Hyundai buyers’ class action dismissed for lack of injury

By John W. Scanlan, J.D.

A putative class action suit brought by three people who each bought a Hyundai Tiburon asserting that Hyundai’s placement of the side airbag sensors made their cars defective was dismissed by the U.S. District Court for the Central District of California. The car buyers lacked standing to bring the suit because they failed to show how they had suffered any injury. However, the court granted them leave to replead their complaint (Anderson v. Hyundai Motor Co., Ltd., July 24, 2014, Gee, D.).

Background. Joanne Anderson, Terri Hill, and Jerome Jeffries each purchased a Hyundai Tiburon during 2004-2008, stating that they had purchased their cars because of the protection offered by side airbags. In 2014, the three car buyers filed a putative class action lawsuit against Hyundai, claiming violations of California’s Consumer Legal Remedies Act and its Unfair Competition Law, breach of the implied warranty of merchantability, and fraudulent concealment. They asserted that two studies by Hyundai that were conducted in 1999 and 2006 showed that the Tiburons were defective because the placement of the side impact sensors on the car’s crossmember, rather than on the B-pillar as in all other Hyundai models, resulted in the sensors receiving a weak signal during a collision, which significantly reduced the likelihood that the side airbags would timely deploy.
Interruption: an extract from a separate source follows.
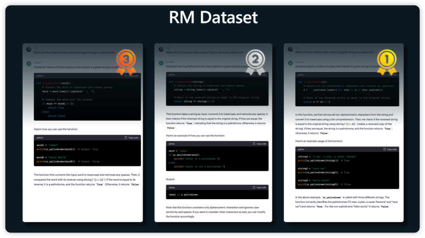 在奖励建模步骤中,我们现在要做的是将数据收集转变为比较形式。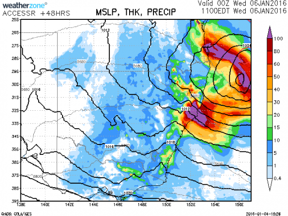 If this prediction comes through, then this is going to provide some very heavy rainfall for the region near Taree in excess of 100mm. Some heavy rain has already occurred along the coastal region south of Sydney and also parts of the coastal region north of Sydney in the past 24 to 36 hours.

According to the three buyers, this alleged defect injured them because their cars were worth less than they would be otherwise, they paid more for their cars than they would have if this problem had been disclosed prior to purchase, and their vehicles were unsafe. They asserted that this problem had resulted in “numerous” accidents in which the side airbags did not deploy and, consequently, in several lawsuits being filed against Hyundai. Hyundai moved to dismiss the suit.

Lack of Standing. The buyers’ suit was dismissed for lack of standing because they had not shown that they had been injured by the alleged defect; however, they were given leave to amend their complaint. The court pointed out that they had not claimed that they had suffered any actual injury. Furthermore, while they had asserted that there had been numerous accidents involving Tiburons in which the side air bags failed to deploy, they alleged no details of any injuries suffered by anyone involved in any of these accidents. Their complaint that the Tiburon sensors would cause the side air bags to deploy more slowly or not at all during some number of collisions, causing injury to some number of Tiburon owners, was conjectural and hypothetical because it depended on the occurrence of future collisions. The court noted that it had reviewed the two Hyundai studies and found that they did not appear to support the allegations of the buyers; because they had submitted no other evidence to the contrary, they failed to prove the existence of a defect.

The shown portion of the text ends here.